TYPE OF QUESTION: Chemistry
YOUR QUESTION:
We did an experiment where first we heated water in a beamer, and then placed a rock into that beaker for 3 minutes. After taking the temperature of the rock while I'm the hot water, we removed the rock and placed it into a calorimeter, tracking the heat until we found the temperature the heated rock and room temperature water within reached equilibrium. Here's some data:Mass of water in the calorimeter: 97.87g
Mass of the rock: 113.74g
Initial temperature of the rock (in the hot water): 84.6°C
Initial temperature of the water in calorimeter: 22.0°C
Final temperature of rock and water in calorimeter: 34.2°C
ΔT of water in calorimeter: 12.2°C
ΔT of rock: 50.4 °C
Specific Heat (Cp) of rock: 0.86 J/g °C
Soooo, I'm having trouble with this final problem. It asks me to show math but I'm not sure how to get to the answer. Here's the question:The specific heat (Cp) of lead is 0.13 joules/g°C.
If you had used 50g of lead instead of the rock in this experiment, would the temperature of the water be more or less than you found? Explain why! (Show your calculations).
I'm pretty sure it wants me to use the equation Q = m • Cp • ΔT. But...i seem to be missing Q and ΔT so I'm not sure how to find the missing variable! I thought maybe I was supposed to assume the initial temperature of the rock and the lead were the same, but even then I'm not sure of the final temperature so I'm unsure of ΔT' s value.
Any help would be greatly appriciated!!!
I'm a little confused at the bolded because you straight up have a ΔT recorded in your data? I think you might be overthinking this bit a little. o.o And if you're just missing Q, then you can solve for Q.
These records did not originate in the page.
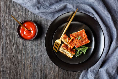 American tofu spinach vegan lasagna with champignon and tomato vegetarian bolognese served on a black plate with fork and fresh rosemary on a dark rustic wooden table with tomato sauce, top view
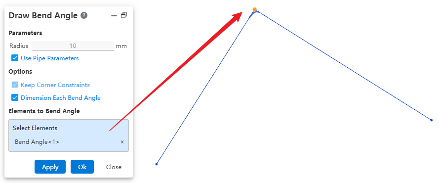 Elements for Bend Angle Creation: Select a vertex or a path line.
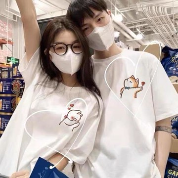2022夏季新款小眾設計感重磅厚實情侶裝圓領卡通簡約百搭情侶短袖
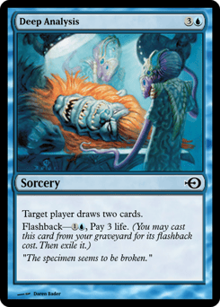 Target player draws two cards. Flashback—{1}{U}, Pay 3 life. (You may cast this card from your graveyard for its flashback cost. Then exile it.)
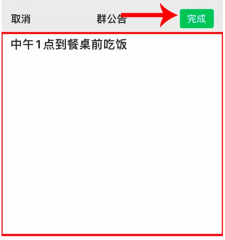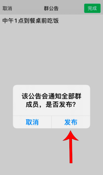 打开群公告功能,在空白位置输入文字内容,点击“完成“,出现提示,该公告会通知全部群成员,点击“发布“,
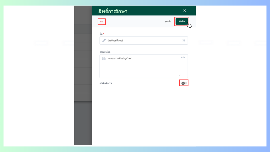 ผู้ใช้งานจะสามารถตั้งประเภทสิทธิ์การรักษาที่ทำการตั้งค่าไว้ได้
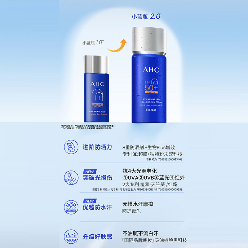 【自营】AHC防晒霜小蓝瓶2.0防紫外线面部隔离高倍防嗮乳
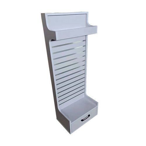 This white slatwall fixture features one walls of display space along which you can arrange any selection of accessories. Although it takes up minimal floor space, this slatwall display actually provides you with 1.29 square feet of display space! The slatwall board has grooves in its surface to hold a variety of accessories, like baskets, hooks and shelves. These accessories attach within seconds by hooking into the panel grooves in the mounting surface.

Just looking over the question, let's use a little logic first. The specific heat of lead is much less than the specific heat of rock (way less than half), while the proposed amount of lead used is half of what you used for the rock. That's two of your multiplication variables that have just decreased, so it stands to follow that if you're solving for Q, then the temp of the water of should be less than what you found in your experiment. Right?
Even if you can't complete a calculation, write down your thoughts and reasons - a lot of teachers will give you partial credit for knowing a solid portion of what you were supposed to do, even if you couldn't complete it!
Someone else who comes along might have done chemistry more recently than me (eugh, it's been a year now), though, and have a more helpful answer.